Target Region Coverage Analysis
The Target Region Coverage Analysis tool makes it easy to evaluate and compare multiple samples with respect to a given coverage metric. The tool takes as input one or more per-region statistics tracks generated by QC for Targeted Sequencing and outputs a target region track providing statistics across the analyzed samples. In addition, an overlay annotation track (for example a gene track) can be provided to obtain a higher-level summary, where target regions are grouped based on overlap, and coverage statistics are calculated for each group.
The QC for Targeted Sequencing tool is described in the CLC Genomics Workbench manual: https://resources.qiagenbioinformatics.com/manuals/clcgenomicsworkbench/current/index.php?manual=QC_Targeted_Sequencing.html.
Running the tool
To launch Target Region Coverage Analysis, go to:
Toolbox | Quality Control () | Target Region Coverage Analysis ()
In the first dialog (figure 24.24), select one or more per-region statistic tracks () produced by QC for Targeted Sequencing. The tracks must be based on the same target region track.
Figure 24.24: Select one or more per-region statistics tracks.
The next dialog allows you to configure the settings for this tool, as shown in figure 24.25 and described below.
Figure 24.25: Settings of the Target Region Coverage Analysis tool.

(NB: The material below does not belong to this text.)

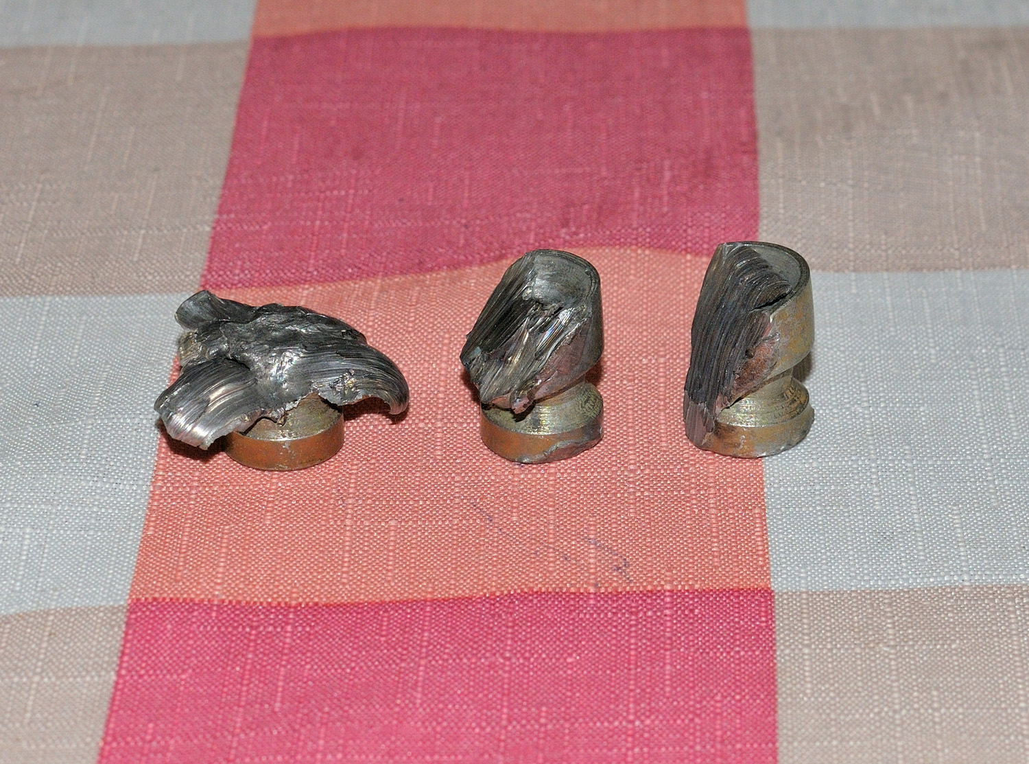 Характер деформации пули при попадании в край броневого листа, установленного под углом в 45 и 60 градусов показывает устойчивость пули к рикошету - видно как пуля...стремится ( не смотря на ТАКУЮ деформацию ) продолжить именно прямолинейное движение.

- Metric: Metric column from the per-region statistics tracks for which the QC evaluation will be performed. The available metrics are: GC %, Min coverage, Max coverage, Mean coverage, Median coverage, Mean coverage (excluding zero coverage) and Median coverage (excluding zero coverage).
- Minimum threshold, individual values: Minimum threshold for the metric selected above. Each target region in each sample is evaluated separately, and must have at least this value to pass. Values that do not pass this criteria will be highlighted in the table view of the target region output track.
- Minimum percentage of samples above minimum threshold: The percentage of input samples that should pass the minimum threshold. The value is used to color code the target region output track and make it easier to see which target regions that pass the criteria across samples.
- Annotation track: The annotation track () is optional and can be a gene, CDS or mRNA track. If provided, an additional output is produced in which target regions are grouped based on the overlapping annotations. For example, if a gene track is selected, target regions are grouped per gene and the selected metric is combined and reported per gene.
Output from Target Region Coverage Analysis
Two outputs are produced from the Target Region Coverage Analysis tool:
- Target region coverage track: Target regions annotated with coverage metrics from the individual samples and statistics across all samples. In the table view, fields for which values did not pass the defined threshold will be highlighted. This makes it possible to quickly spot both poor samples that have multiple failing targets and poor target regions that fail across samples. The latter may be indicative of failing primers.
- Annotation coverage track: This output is produced only if an annotation track is provided. The track table view lists cross-sample statistics for each annotation (e.g. gene) that have at least one overlapping target region. Annotations with no overlapping target region are not displayed.
Target region coverage track
The target region coverage track includes the following annotations:
- Target region length: Length of the target region.
- Metric, min: Sample minimum of the selected metric observed for this target region.
- Metric, max: Sample maximum of the selected metric observed for this target region.
- Metric, mean: Sample mean of the selected metric observed for this target region.
- Metric, median: Sample median of the selected metric observed for this target region.
- Metric, std dev: Sample standard deviation of the selected metric observed for this target region.
- Percentage of samples passing threshold: Percentage of samples for which the metric is equal to or above the threshold.
- Individual per-region statistics track metrics: One column per input track with the individual sample metrics.
- Annotation column: Overlapping annotation (Gene, CDS, mRNA). This column is only present if an annotation track was provided.
Annotation coverage track
The annotation coverage track provides combined statistics for target regions overlapping the same annotation region. If the target regions correspond to exons and a gene track is selected as annotation track, all exons within a gene are combined and statistics are reported per gene. For each sample, the metric values from overlapping target regions are combined to a single metric value. The selected metric dictates how values are combined: Min coverage values are combined by taking the minimum, Max coverage values are combined by taking that maximum and Mean coverage and GC% values are combined as a weighted average, where each target region is weighted by its length. Median coverage values are combined by calculating the median of the values, however, it should be noted that this is different from calculating the median of all base position coverage values contained in the set of target regions.The annotation coverage track includes the following annotations:
- Target regions: Number of overlapping target regions.
- Target region length: Cumulative length of overlapping target regions.
- Metric, min: Sample minimum of the selected metric observed for this annotation region.
- Metric, max: Sample maximum of the selected metric observed for this annotation region.
- Metric, mean: Sample mean of the selected metric observed for this annotation region.
- Metric, median: Sample median of the selected metric observed for this annotation region.
- Metric, std dev: Sample standard deviation of the selected metric observed for this annotation region.